English Deutsch Français Italiano Español Português 繁體中文 Bahasa Indonesia Tiếng Việt ภาษาไทย
All categories

Other than the Alternating Harmonic Series which is:
[(-1)^(n-1)]/n

I need another one.

2007-03-16 04:15:55 · 4 answers · asked by ss3growntrunks 2 in Science & Mathematics Mathematics

4 answers

Leibniz criterion (see link below) for alternating series states that if a motonically decreasing sequence of positive real numbers (a_n) is such that a_n → 0 as n → ∞, then Σ (-1)^n * a_n is convergent. So, all you need do is take such a sequence where Σ a_n is divergent. Once such example is

1 + 1/2 + 1/3 + 1/5 + 1/7 + 1/11 + 1/13 + 1/17 + ... + 1/p_n + ...

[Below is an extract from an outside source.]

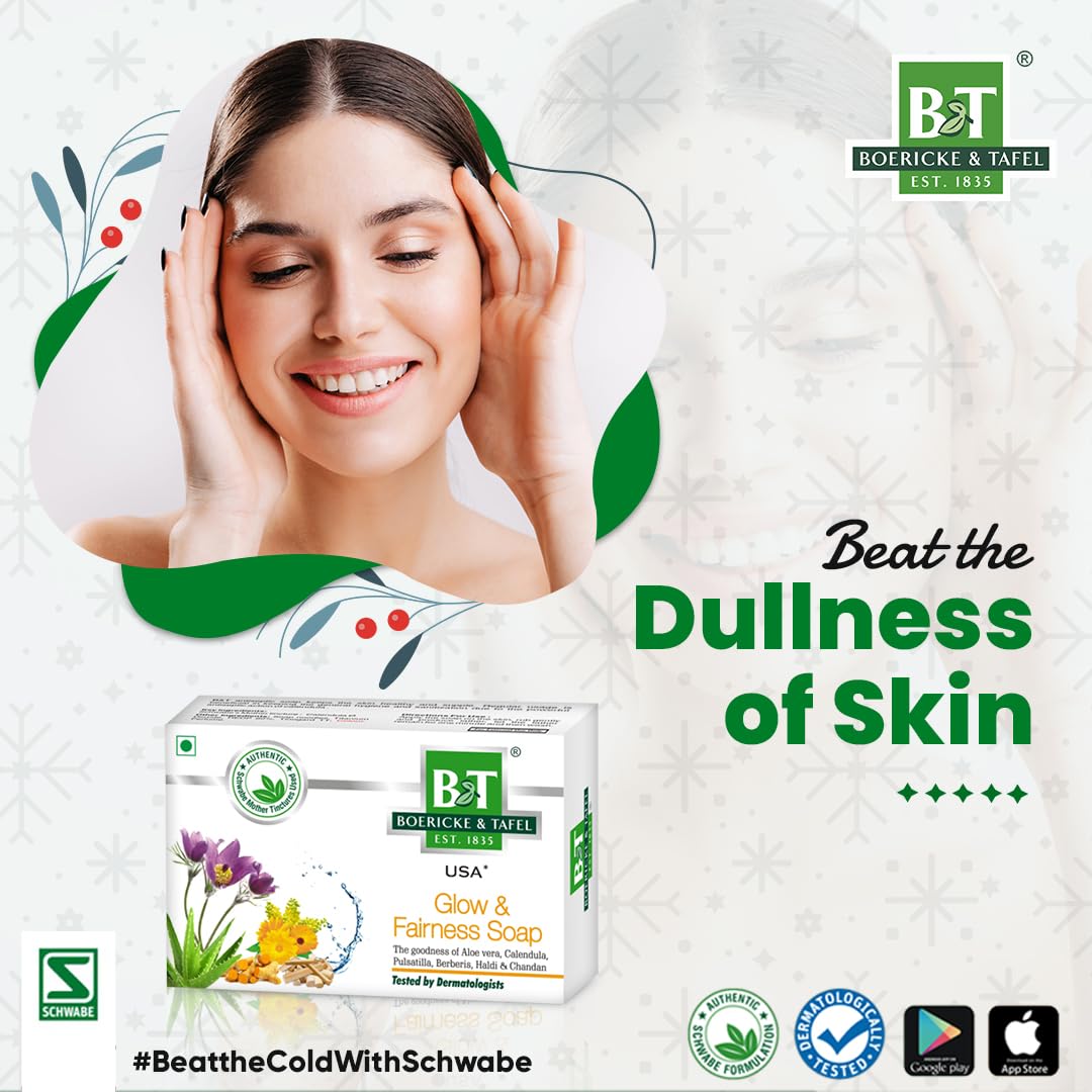 B&T Glow & Fairness soap has the goodness of Aloe vera, Calendula, Pulsatilla, Berberis Aquifolium, Curcuma and Sandalwood and helps to protect the skin while making it soft. It improves the skin tone, increases the glow and protects the skin from infections.

the sum of the reciprocals of the prime numbers (p_n); applying the Leibniz criterion yields that

1 - 1/2 + 1/3 - 1/5 + 1/7 - 1/11 + 1/13 - 1/17 + ...

is therefore a conditionally convergent series.

2007-03-16 05:20:17 · answer #1 · answered by MHW 5 · 0 0

An important one is the expansion of (1 + x)^n when n is negative. This is only valid for -1 < x < 1.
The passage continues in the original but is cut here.